→ SOURCE RECORDS:
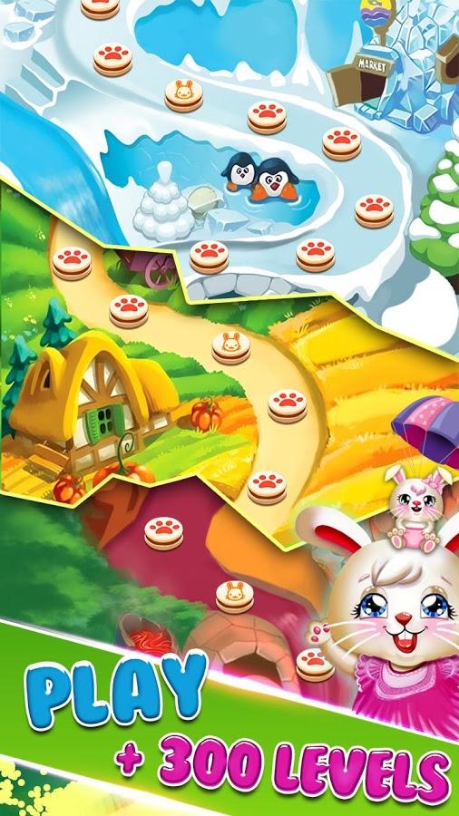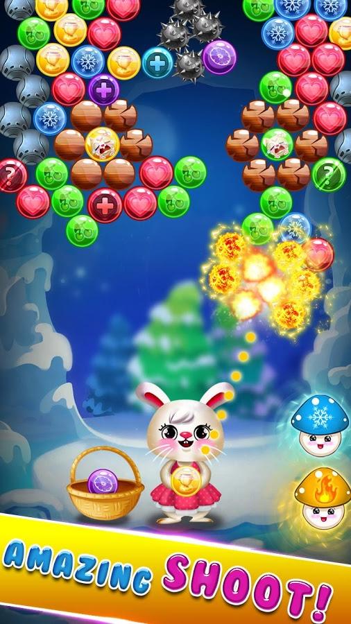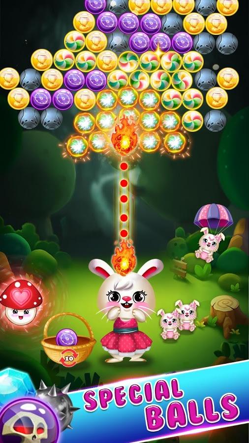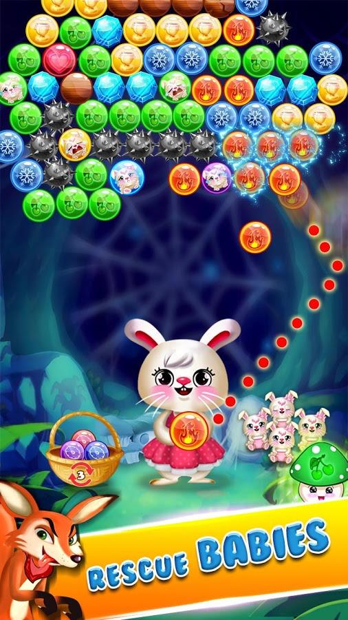 Bunny Bubble Shooter Pop:Island Magic Match 3 puzzleon Android where you will help a rabbit to get his kids back. Rabbitsplayed on the lawn when they were kidnapped by evil forces and imprisoned in bubbles. Nowyour task will be to help rabbit to shoot colored bubblesa cluster of them up there and release rabbits. Accurately calculate the trajectory and shootbubbles to match three or more bubble in a row and make them disappear.Make combo explosions and enjoy excellent special effects. Usealso numerous bonuses and power-UPS and beat levels faster.
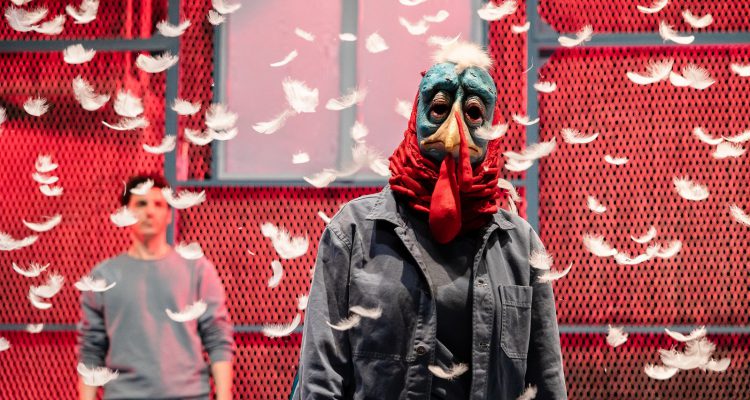 Il lockdown come occasione perfetta per rispettare l’unità di luogo della tragedia classica, come spazio (fisico e mentale) per replicare/rivivere la paralisi novecentesca del teatro dell’assurdo. Aspettando Glovò, si potrebbe così dire, giocando ma non troppo con i nostri tempi, in cui l’attesa (messianica, teologica, metafisica) sembra prendere la declinazione più meschina, consumistica ed effimera di un acquisto online, il cui annuncio passa per la banale chiamata al citofono. Ed Emanuele Aldovrandi, astro nascente della drammaturgia italiana, sceglie di mettere in scena la pandemia e il confinamento quasi in presa diretta, registrando/restituendo/rimontando con abilità e orecchio il gioco al massacro contemporaneo attraverso le forme del grottesco e virate surreali, con il ritmo giocoso della commedia e l’eco della satira sui cliché ripetuti e incastrati su noi stessi. In un ceruleo dipinto di ceruleo (scene di Francese Fassone e costumi di Costanza Maramotti secondo un bigio monocromatico un po’ The Truman Show, un po’ carcerario), due uomini, e poi due coppie, s’incontrano e si scontrano in quell’ora d’aria sospesa e vuota che si dà in un cortile condominiale ai tempo del contagio, gabbia per volatili che circoscrive la libertà di un’umanità mutante, uomini che rischiano di diventare tacchini (e far la loro fine?), assemblea condominiale di uomini soli e incattiviti, resa dei conti dell’umanità, interrotta solo da fattorini di scatole mai aperte.
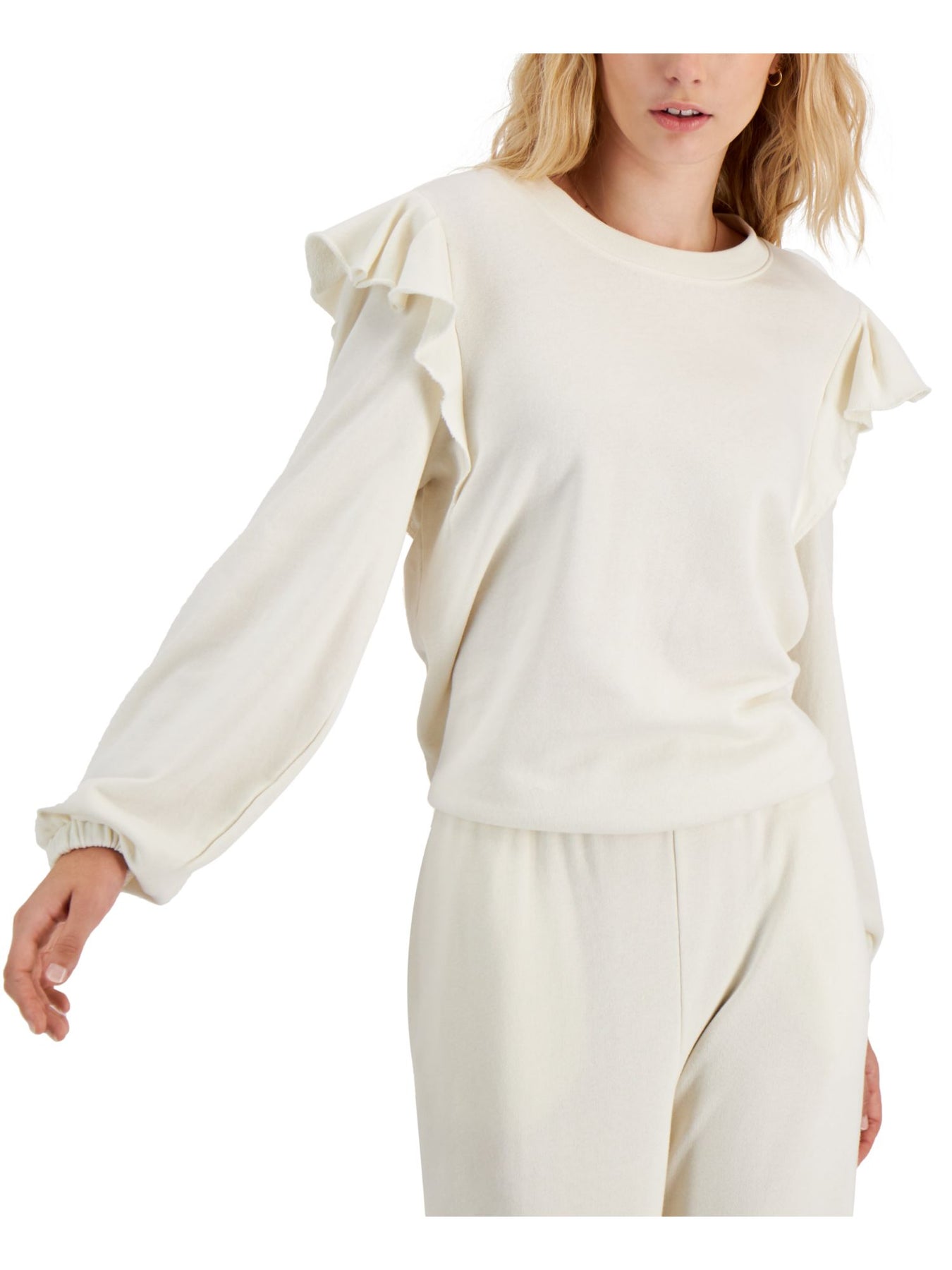 INC Womens Ivory Ruffled Long Sleeve Crew Neck Sweater L
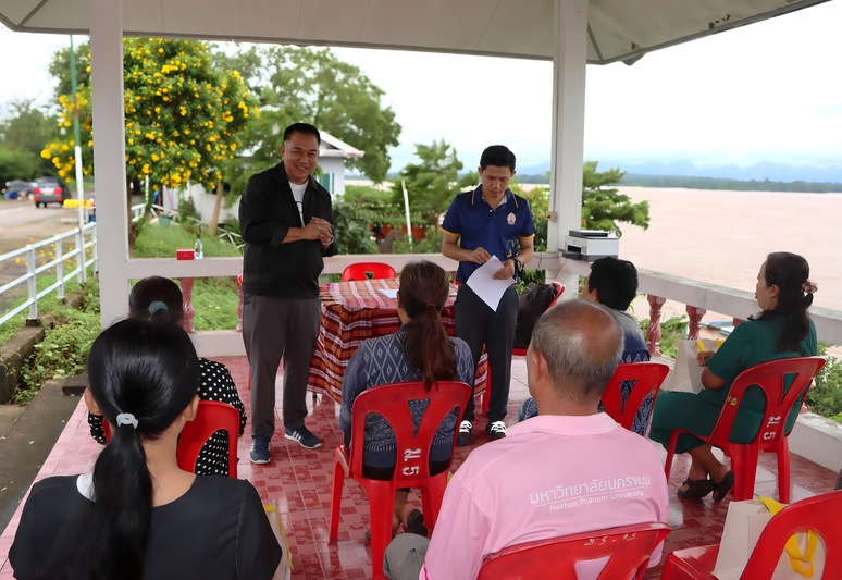 August 26, 2025, 9:30 AM Assistant Professor Dr. Nonthachat Weeranuwattana, Dean of the College of Tourism and Service Industry, Nakhon Phanom University, along with Dr. Apitai Kaewjaras, Deputy Dean for Academic and Research Affairs, as a member of the research team for the project "Development of a Non-Degree Creative Economy Entrepreneurship Curriculum Based on the Mekong River Basin Culture in Nakhon Phanom," conducted field visits to organize exchange forums and gather feedback (focus groups) with stakeholders in Mueang Nakhon Phanom District and Chaiyaburi Subdistrict, Tha Uthen District. This was done to jointly confirm and verify in-depth information on tourism along the Mekong River.
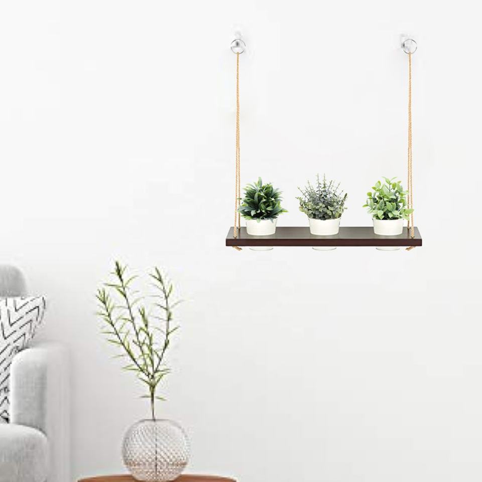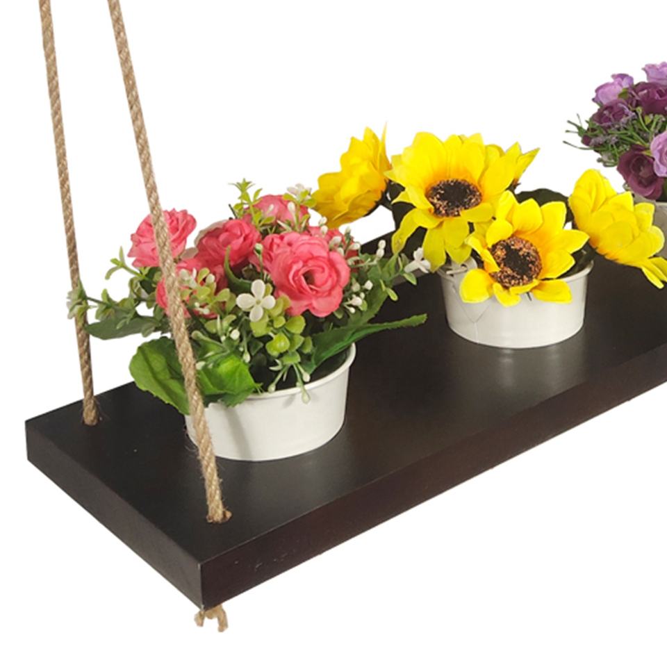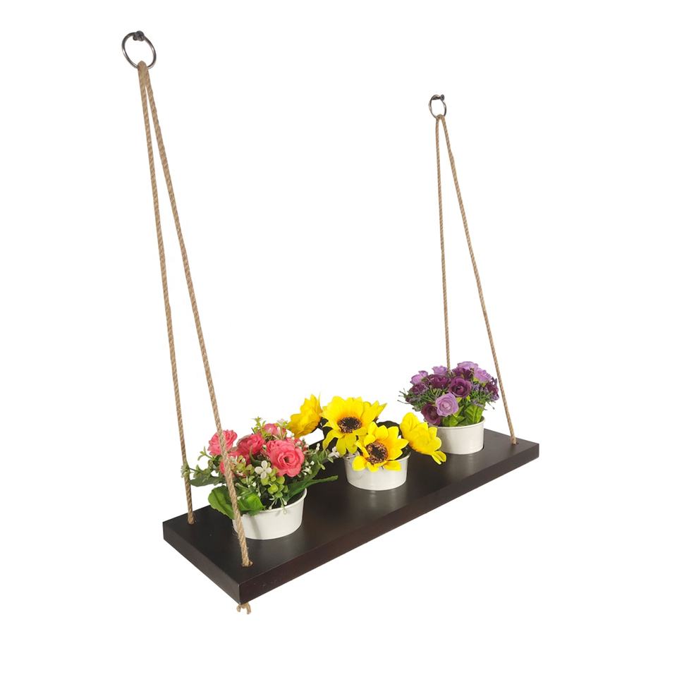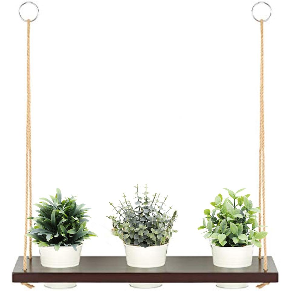 Étagère murale en bois rustique personnalisée avec corde en macramé conception flottante pour les plantes, les livres et la décoration de la maison

→ WHAT THE TASK ASKS: Omitting all pictures, retype exactly the lines from the line containing "August 26, 2025, 9:30" down to the last line above, both ends included.

→ SOLVED EXERCISE:
 August 26, 2025, 9:30 AM Assistant Professor Dr. Nonthachat Weeranuwattana, Dean of the College of Tourism and Service Industry, Nakhon Phanom University, along with Dr. Apitai Kaewjaras, Deputy Dean for Academic and Research Affairs, as a member of the research team for the project "Development of a Non-Degree Creative Economy Entrepreneurship Curriculum Based on the Mekong River Basin Culture in Nakhon Phanom," conducted field visits to organize exchange forums and gather feedback (focus groups) with stakeholders in Mueang Nakhon Phanom District and Chaiyaburi Subdistrict, Tha Uthen District. This was done to jointly confirm and verify in-depth information on tourism along the Mekong River.
 Étagère murale en bois rustique personnalisée avec corde en macramé conception flottante pour les plantes, les livres et la décoration de la maison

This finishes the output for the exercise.